I have string with different codepages: string multi = "EnglishРусский日本語";
I need to return list of codepages:
int[] GetCodePage(string multi)
{
return new int[] {1252, 1251, 932};
}
From your comments, it seems that your problem is different.
If you only need to check if a filename (a string
) uses only characters from the "default codepage" (the Windows api uses unicode plus a single non unicode codepage, that is the default codepage for non-unicode programs), then it is quite simple.
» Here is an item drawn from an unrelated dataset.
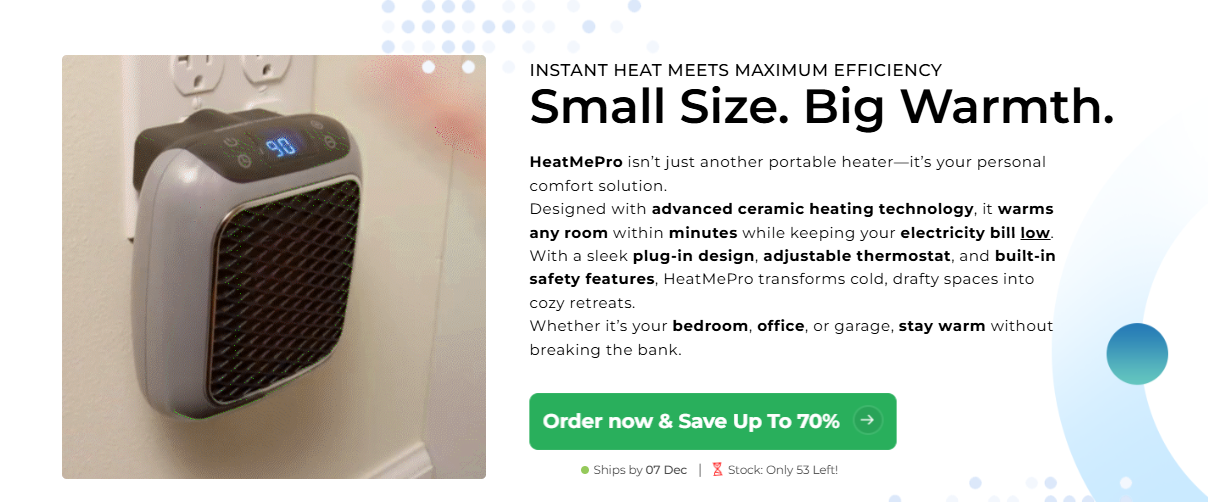 In summary, HeatMe Pro UK offers a modern approach to indoor heating that aligns with the needs of todayβs households. Its compact size, portability, ease of use, and ability to provide focused warmth make it a valuable addition to any UK home. For those seeking everyday comfort during colder months, HeatMe Pro delivers a simple and reliable solution designed to support a warm and welcoming indoor environment.
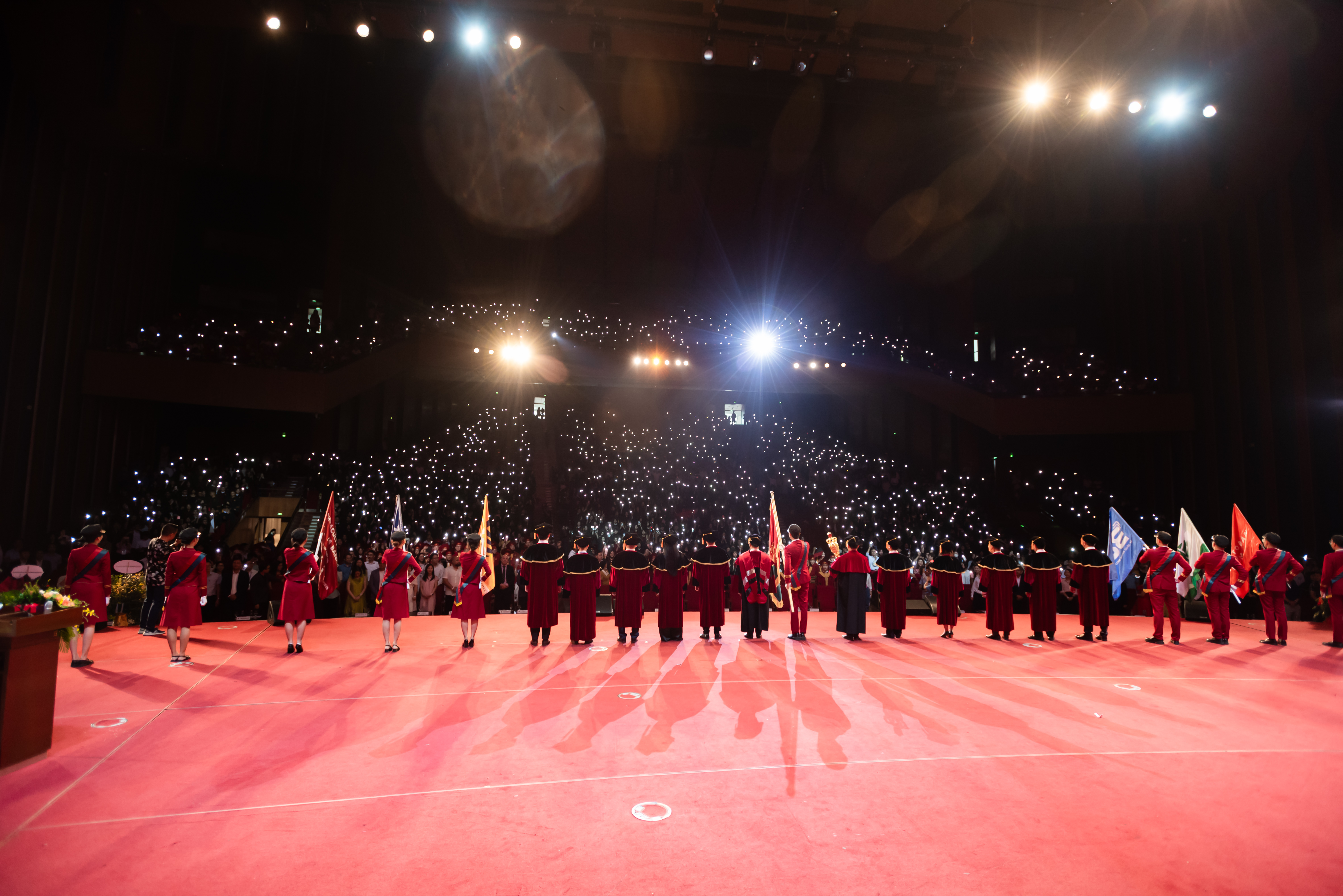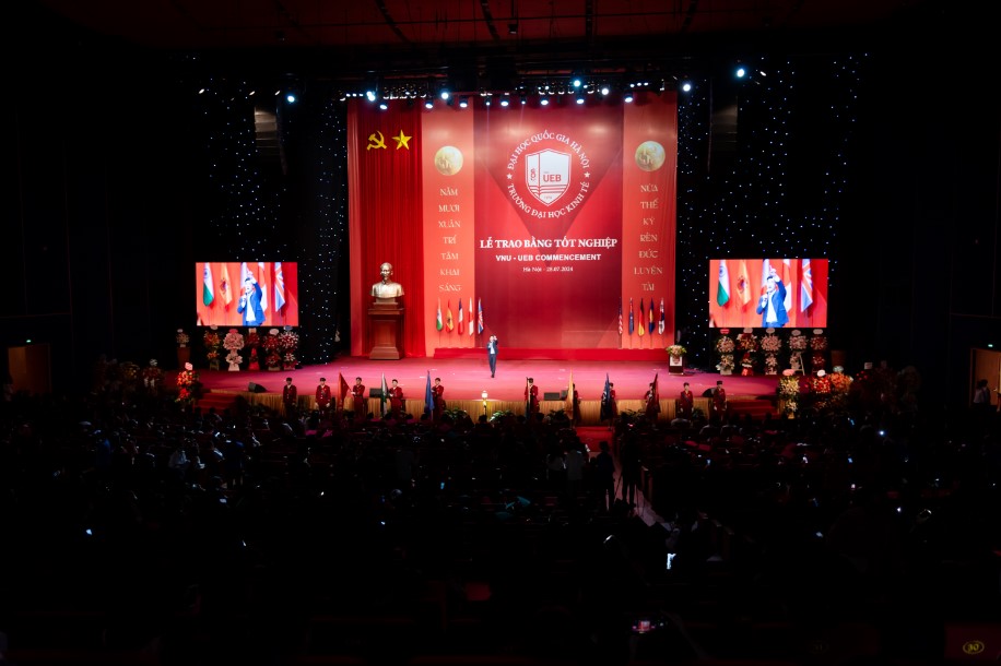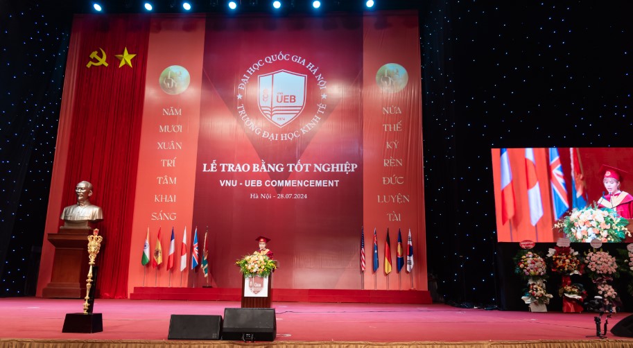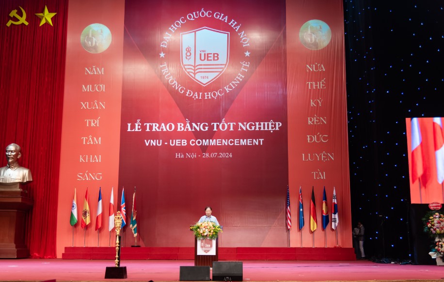 Trong bài phát biểu khai mạc buổi lễ, Hiệu trường Trường ĐH Kinh tế Lê Trung Thành xúc động chia sẻ: Khởi nguồn từ Khoa Kinh tế Chính trị, Trường Đại học Tổng hợp Hà Nội và nay là Trường Đại học Kinh tế - ĐHQGHN. Trải qua nửa thế kỷ dựng xây tâm huyết, những người lái đò đã đưa biết bao thế hệ sinh viên, học viên cập bến bờ thành công. Năm mươi năm trưởng thành, cống hiến, hội nhập với khu vực và quốc tế, đạt được nhiều thành tựu và đã được định vị trên nhiều bảng xếp hạng uy tín thế giới. Và hôm nay, hơn 1 ngàn gương mặt tân tiến sĩ, tân thạc sỹ, tân cử nhân có mặt tại đây là một trong những minh chứng sống động, đầy giá trị cho quá trình dạy và học với nhiều thế hệ thầy trò đã cùng nhau tích lũy Tâm – Đức – Trí – Tài.

Encoding.Default
is the Windows non-unicode codepage.
public static void Main()
{
Console.WriteLine(Encoding.Default.BodyName);
// I live in Italy, we use the Windows-1252 as the default codepage
Console.WriteLine(CanBeEncoded(Encoding.Default, "Hello world àèéìòù"));
Console.WriteLine(CanBeEncoded(Encoding.Default, "Русский"));
}
and the interesting code:
public static bool CanBeEncoded(Encoding enc, string str)
{
// We want to modify the Encoding, so we have to clone it
enc = (Encoding)enc.Clone();
enc.EncoderFallback = new EncoderExceptionFallback();
try
{
enc.GetByteCount(str);
}
catch (EncoderFallbackException)
{
return false;
}
return true;
}
Note that this code could be optimized. Using an exception to check for the fact that the string can be encoded isn't optimal (but it is easy to write :-) ). A better solution would be to subclass the EncoderFallback
class.